On the 360 and PS3, The Orange Box released as one inseparable package. The PC version, however, was available as a complete product and in parts: Brick-and-mortar stores sold the computer versions of Portal and Team Fortress 2 independently. Speaking of which, Portal is a great example of a game made to full HD standards that was nonetheless quite short. On the PC, one could buy Portal on its own for $30 (now $20). The same is true of the Half-Life 2 episodes — short and sweet pieces of gaming that didn’t feel overpriced or incomplete.

Amnesia: The Dark Descent

2010 provided horror fans with Amnesia: The Dark Descent, a succinct and cheap round of fun. I honestly don’t know how long the game is, but if its predecessor Penumbra is anything to go by, then it must only last a few hours. Amnesia sports a modern graphics engine, yet is just $20. It only sold 36,000 copies in its first month, but apparently that was enough to make a profit.

The other side of the coin is multiplayer-only games: Team Fortress 2 has always been available individually on the PC for $30 in 2007 and $20 today. I’m confident a lot of people would buy a multiplayer-only Call of Duty or Halo game for $30.

The issue, however, is that virtually no similar pricing scheme exists on consoles. Why not?

The reason Valve was able to provide the Orange Box at such an affordable price is because of how much they’ve chosen to stand by their Source Engine tech. Perhaps further proliferation of middleware — and hopefully more creativity with it — might let other developers accomplish what they have. 

Amnesia, an indie game with graphics almost matching those of a lot of console games, was actually developed by five people. The fact that I still can’t buy a cheap multiplayer-only game at GameStop just shows how stuck the production system is in its current ways.

Team Fortress 2

Downloadable content packs are really the closest analog to the PC-marketing scheme I've described. The Grand Theft Auto 4 episodes provide one example, although the more recent DLC for BioShock 2 (Minerva’s Den) and Dead Space 2 (Severed) are equally indicative of the tight, succinct stories offered to PC gamers.

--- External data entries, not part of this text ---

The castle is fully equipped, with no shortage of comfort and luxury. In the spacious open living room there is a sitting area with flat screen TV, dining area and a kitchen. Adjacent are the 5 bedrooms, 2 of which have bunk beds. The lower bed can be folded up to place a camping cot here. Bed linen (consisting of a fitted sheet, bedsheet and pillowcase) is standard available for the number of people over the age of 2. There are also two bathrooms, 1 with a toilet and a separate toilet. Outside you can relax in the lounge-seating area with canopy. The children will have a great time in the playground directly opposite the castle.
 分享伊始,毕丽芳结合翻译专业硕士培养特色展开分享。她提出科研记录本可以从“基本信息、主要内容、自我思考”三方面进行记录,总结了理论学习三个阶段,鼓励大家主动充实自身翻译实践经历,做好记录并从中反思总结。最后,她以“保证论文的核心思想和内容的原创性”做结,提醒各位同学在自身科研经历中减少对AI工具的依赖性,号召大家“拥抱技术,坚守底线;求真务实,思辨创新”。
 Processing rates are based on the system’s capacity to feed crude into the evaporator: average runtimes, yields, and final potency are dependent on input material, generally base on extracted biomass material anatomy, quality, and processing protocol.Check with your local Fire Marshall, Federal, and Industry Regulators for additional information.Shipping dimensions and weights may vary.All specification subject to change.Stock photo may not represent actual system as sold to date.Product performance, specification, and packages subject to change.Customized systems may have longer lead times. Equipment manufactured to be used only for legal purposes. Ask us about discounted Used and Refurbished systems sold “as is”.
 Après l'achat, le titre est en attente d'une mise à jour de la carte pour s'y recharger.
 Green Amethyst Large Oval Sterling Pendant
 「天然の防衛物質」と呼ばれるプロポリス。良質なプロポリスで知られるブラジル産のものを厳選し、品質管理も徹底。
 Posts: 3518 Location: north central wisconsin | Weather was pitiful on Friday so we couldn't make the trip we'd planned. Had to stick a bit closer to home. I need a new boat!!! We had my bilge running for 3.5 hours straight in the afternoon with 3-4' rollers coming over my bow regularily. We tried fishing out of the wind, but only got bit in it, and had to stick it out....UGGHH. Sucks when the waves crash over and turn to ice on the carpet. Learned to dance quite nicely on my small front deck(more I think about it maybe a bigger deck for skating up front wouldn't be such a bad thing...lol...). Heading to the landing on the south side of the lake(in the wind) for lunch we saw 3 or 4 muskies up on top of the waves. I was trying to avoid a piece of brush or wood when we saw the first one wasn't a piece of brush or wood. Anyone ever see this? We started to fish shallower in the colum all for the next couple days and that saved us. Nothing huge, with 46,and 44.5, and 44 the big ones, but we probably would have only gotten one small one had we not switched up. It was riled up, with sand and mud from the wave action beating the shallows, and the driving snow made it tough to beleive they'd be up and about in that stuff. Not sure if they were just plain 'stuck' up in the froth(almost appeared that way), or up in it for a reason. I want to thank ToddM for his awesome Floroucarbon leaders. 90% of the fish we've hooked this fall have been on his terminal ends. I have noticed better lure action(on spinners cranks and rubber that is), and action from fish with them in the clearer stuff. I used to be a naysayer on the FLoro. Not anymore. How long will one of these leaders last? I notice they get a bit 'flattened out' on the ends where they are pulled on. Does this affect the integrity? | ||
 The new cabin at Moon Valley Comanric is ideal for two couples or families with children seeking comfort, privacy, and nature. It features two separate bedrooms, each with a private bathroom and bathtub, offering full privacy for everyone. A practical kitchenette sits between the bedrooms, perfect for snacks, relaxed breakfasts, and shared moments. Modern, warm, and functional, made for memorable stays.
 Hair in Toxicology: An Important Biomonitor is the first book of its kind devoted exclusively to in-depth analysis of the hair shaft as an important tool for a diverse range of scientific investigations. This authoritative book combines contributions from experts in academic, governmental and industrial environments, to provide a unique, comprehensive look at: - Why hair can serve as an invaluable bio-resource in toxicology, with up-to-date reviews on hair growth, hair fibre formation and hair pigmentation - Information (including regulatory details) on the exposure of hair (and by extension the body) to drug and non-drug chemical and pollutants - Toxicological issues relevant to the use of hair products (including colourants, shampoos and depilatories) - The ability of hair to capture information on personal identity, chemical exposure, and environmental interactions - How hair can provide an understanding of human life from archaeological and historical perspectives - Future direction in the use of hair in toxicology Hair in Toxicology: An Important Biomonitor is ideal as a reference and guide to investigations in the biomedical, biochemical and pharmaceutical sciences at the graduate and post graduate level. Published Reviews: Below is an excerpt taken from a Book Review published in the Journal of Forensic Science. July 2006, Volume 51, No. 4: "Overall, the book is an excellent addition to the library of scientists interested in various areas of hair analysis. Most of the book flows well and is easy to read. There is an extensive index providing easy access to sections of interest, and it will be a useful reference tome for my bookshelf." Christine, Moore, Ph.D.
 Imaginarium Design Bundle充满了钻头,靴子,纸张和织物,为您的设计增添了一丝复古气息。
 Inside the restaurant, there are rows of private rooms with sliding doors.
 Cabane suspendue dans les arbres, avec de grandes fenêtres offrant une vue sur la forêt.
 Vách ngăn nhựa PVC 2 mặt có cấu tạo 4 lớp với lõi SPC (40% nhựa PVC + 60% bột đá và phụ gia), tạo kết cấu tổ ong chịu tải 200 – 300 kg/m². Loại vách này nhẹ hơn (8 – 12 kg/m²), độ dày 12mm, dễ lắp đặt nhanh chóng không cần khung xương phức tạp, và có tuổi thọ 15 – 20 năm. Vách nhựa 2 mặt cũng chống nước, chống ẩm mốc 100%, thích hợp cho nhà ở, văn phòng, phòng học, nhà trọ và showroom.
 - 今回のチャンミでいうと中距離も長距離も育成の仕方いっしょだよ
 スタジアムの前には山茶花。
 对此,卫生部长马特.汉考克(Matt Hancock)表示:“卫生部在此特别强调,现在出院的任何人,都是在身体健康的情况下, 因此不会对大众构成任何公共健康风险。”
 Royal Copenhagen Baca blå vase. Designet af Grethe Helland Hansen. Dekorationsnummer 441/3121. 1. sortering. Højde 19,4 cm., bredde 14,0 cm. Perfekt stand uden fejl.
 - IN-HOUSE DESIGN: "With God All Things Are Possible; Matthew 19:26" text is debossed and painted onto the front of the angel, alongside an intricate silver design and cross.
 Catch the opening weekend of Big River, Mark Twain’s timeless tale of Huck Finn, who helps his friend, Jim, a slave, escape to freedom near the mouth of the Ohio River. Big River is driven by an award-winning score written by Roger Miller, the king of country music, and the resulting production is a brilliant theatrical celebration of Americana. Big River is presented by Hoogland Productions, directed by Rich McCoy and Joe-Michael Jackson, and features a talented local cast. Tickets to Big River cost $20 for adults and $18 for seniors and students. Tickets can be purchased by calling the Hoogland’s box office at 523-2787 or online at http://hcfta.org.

Imagine if someone made a wholly original short game using the same engine! Better yet, what if someone created Half-Life-style episodic sequels using the same production process as Minerva’s Den and Severed? It would be great.

When the next console generation comes around, the industry is going to have to do something in order to keep development costs from skyrocketing again. A great $60 product is fine, but most titles don’t reach that level of value. Every game shouldn’t try to grab a piece of the same pie.